Binance już zapowiedział, że decyzja FCA nie ma bezpośredniego wpływu na usługi, które świadczy na swojej stronie Binance.com:
BML jest odrębnym podmiotem prawnym i nie oferuje żadnych produktów ani usług za pośrednictwem strony Binance.com. Podchodzimy do współpracy z organami regulacyjnymi bardzo poważnie i tak samo traktujemy nasze zobowiązania dotyczące compliance. Aktywnie śledzimy zmieniające się polityki, zasady i przepisy.
Kontrowersje wokół działalności Binance są uzasadnione czy też „organy się uparły”?
To nie pierwszy raz, kiedy Binance znalazło się pod lupą regulatorów.
Według Bloomberga, jeden z podmiotów firmy - Binance Holdings - był już przedmiotem dochodzenia przeprowadzonego przez amerykańską Komisję Papierów Wartościowych i Giełd (SEC), w szczególności przez jej urzędników zajmujących się praniem pieniędzy i przestępstwami podatkowymi. Jeszcze w kwietniu SEC wydała podobne ostrzeżenie dotyczące Binance a kierowane do amerykańskich konsumentów. Z kolei w sobotę Binance ogłosiło, że wycofuje się z Ontario w Kanadzie, po tym, jak tamtejszy regulator oskarżył ją i kilka innych platform handlu kryptowalutami o nieprzestrzeganie przepisów tej prowincji. Dzień wcześniej japońska Agencja Usług Finansowych (FSA) po raz drugi w ciągu trzech lat ostrzegła Binance, że działa w tym kraju bez pozwolenia.
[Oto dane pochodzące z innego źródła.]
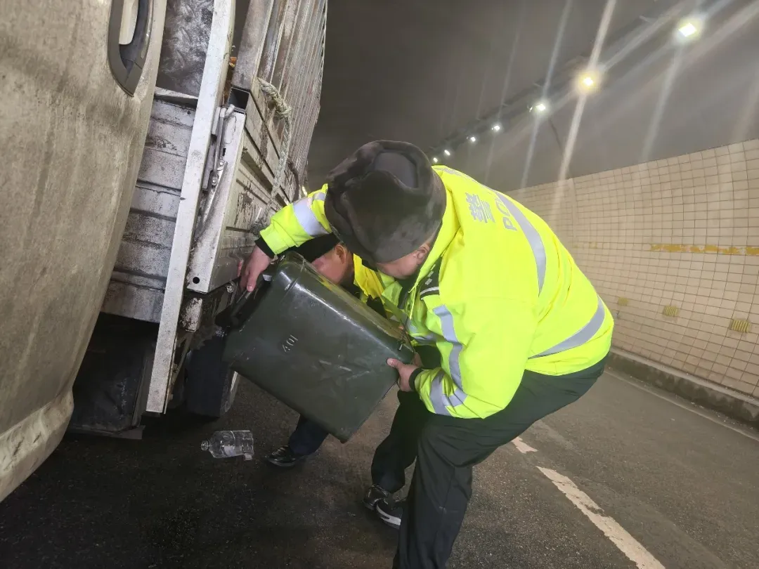 与此同时,霍城县公安局还接到一起紧急求助:驾驶人陈某因出行前未检查油量,行驶至隧道时燃油耗尽被迫停驶。由于隧道内视线较差、车流不断,存在安全隐患。执勤民辅警立刻携带应急油料赶赴现场,做好安全警示防护后快速为车辆加注燃油,并检查车辆确保无其他隐患。车主对民警的及时帮助连声道谢。

W trakcie swojej działalności Binance kilkakrotnie przenosił się do nowych jurysdykcji prawnych i takie działanie nie jest rzadkością w przypadku raczkujących firm kryptograficznych - jeśli przepisy nie odpowiadają ich potrzebom, po prostu przenoszą swoją działalność gdzieś indziej a za nimi podążają obsługujący ich programiści.